Password manager using PyInquirer for a CLI and AWS Lambda for backend.

Youtube Video Demo : https://youtu.be/kAvsGmNqUAU

Installation

python3 -m pip install PyInquirer pycrypto

Usage

python3 main.py

This will greet you with the options to login or signup. Following that it will invoke an AWS Lambda function to pull the encrypted vault saved in AWS DynamoDB. You can then create, view, edit, and delete the accounts and passwords saved in the vault. Any changes made to the vault will be encrypted and uploaded back to DynamoDB after they are made locally. Press Ctrl+C anytime to exit the password manager.

Security Details

The password vault is encrypted and decrypted locally using AES-256. The key is created using 100,000 rounds of PBKDF2-SHA256. This key never leaves your computer. To authenticate requests with the backend AWS Lambda functions, the key is hashed for one more round before sent to the server. The server then applies a salt generated when the account was created before hashing it again to compare with the hash stored in DynamoDB to authenticate you. Finally, the encrypted vault is sent back to your computer. These requests are sent over HTTPS using TLS to prevent man in the middle attacks.

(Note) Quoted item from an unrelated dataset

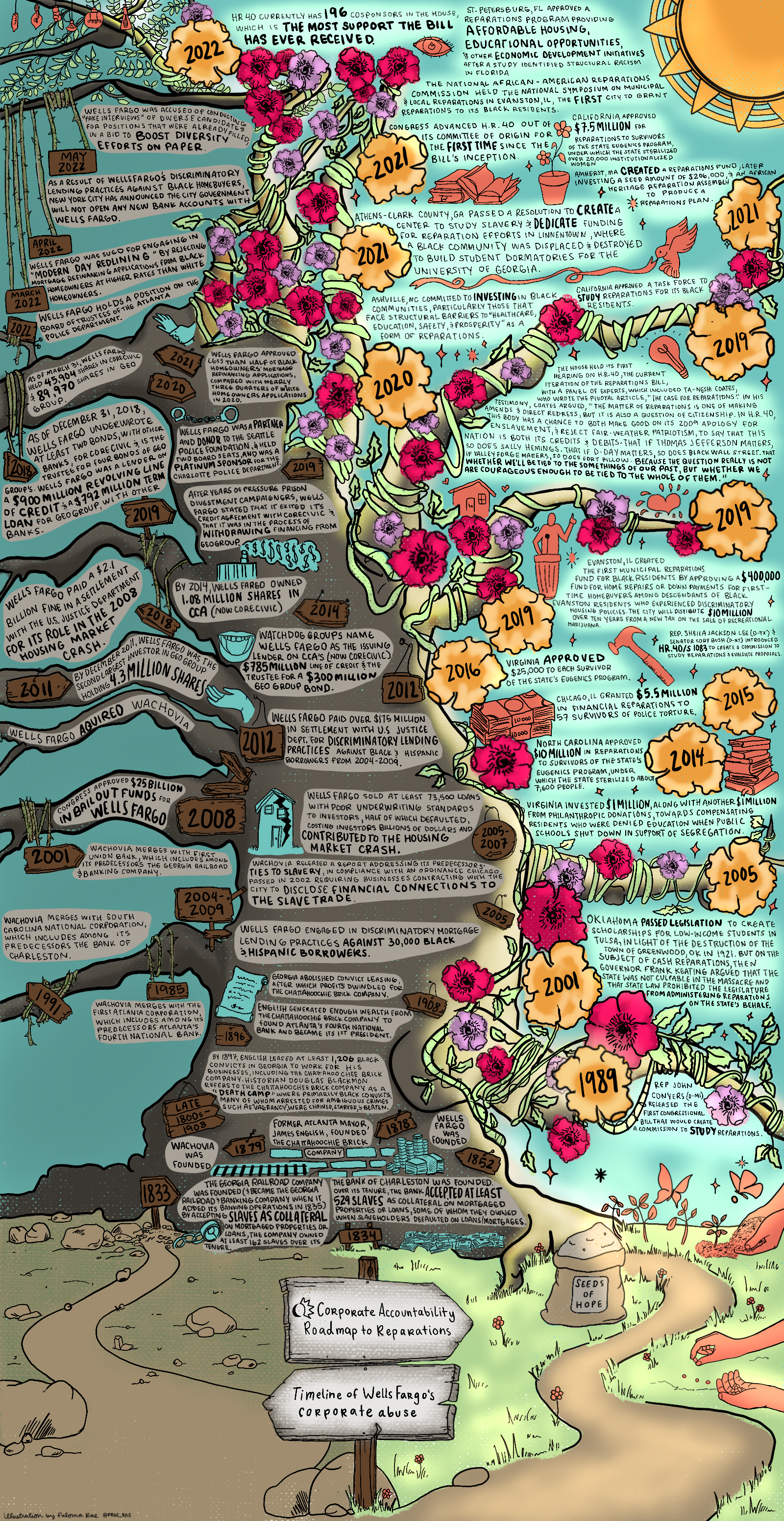 The Roadmap to Reparations shows two paths. The left path illustrates the deceptive and dangerous practices of Wells Fargo, from slave labor to the Jim Crow area and current discriminatory practices against Black Folks.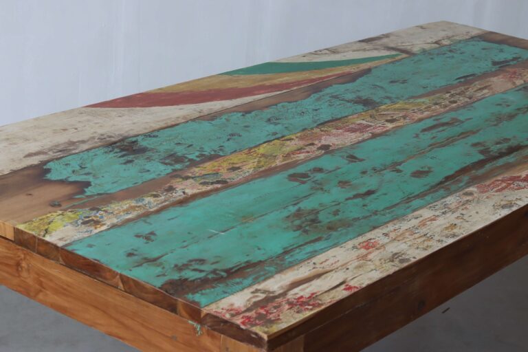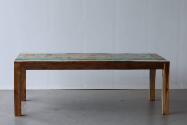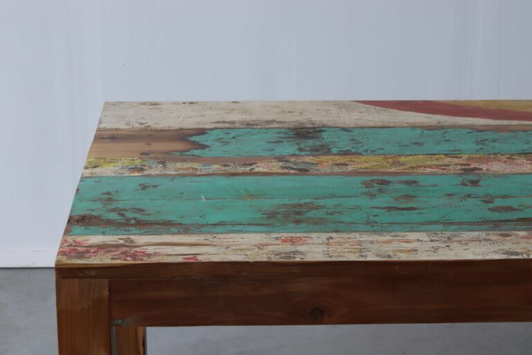 Elke houten eettafel van sloophout wordt met de hand gemaakt door ervaren ambachtslieden. Het gebruik van sloophout zorgt ervoor dat geen enkele tafel hetzelfde is. De verweerde verfresten, natuurlijke kleurschakeringen en originele houtstructuur geven de tafel een uniek karakter. Het hout is niet alleen stevig en duurzaam, maar draagt ook bij aan een milieuvriendelijk interieur.

A password generator is also included when creating new or editing existing passwords for accounts.

Things I Learned

I learned its not just important that your data is encrypted but how it is encrypted. The hashes used to generate the key for encryption and authentication key are one way meaning they can't be looked up or reversed to find the original value. Salt needs to be added to hashes to make them stronger and allow the same original text to be hashed to something different. Without salt, if a hash is leaked and the password for it is figured out, this hash can be compared with the unsalted hash to see if we know its password. Privacy is also a concern with these password managers as well as security. Since it uses client side encryption and decryption, what is stored on the server can't be read if it is leaked. Since the master password is not sent to login to the service, if what is sent gets leaked, the vault can still not be decrypted. Password generators can generate crypro random passwords that can be strenghened by adding numbers and symbols, increasing the domain for which to use for a brute force attack. Since these passwords are so random, a password manager is a good way to keep track of them all, and only need to remember one master password. All of these work together to make cloud based password managers secure.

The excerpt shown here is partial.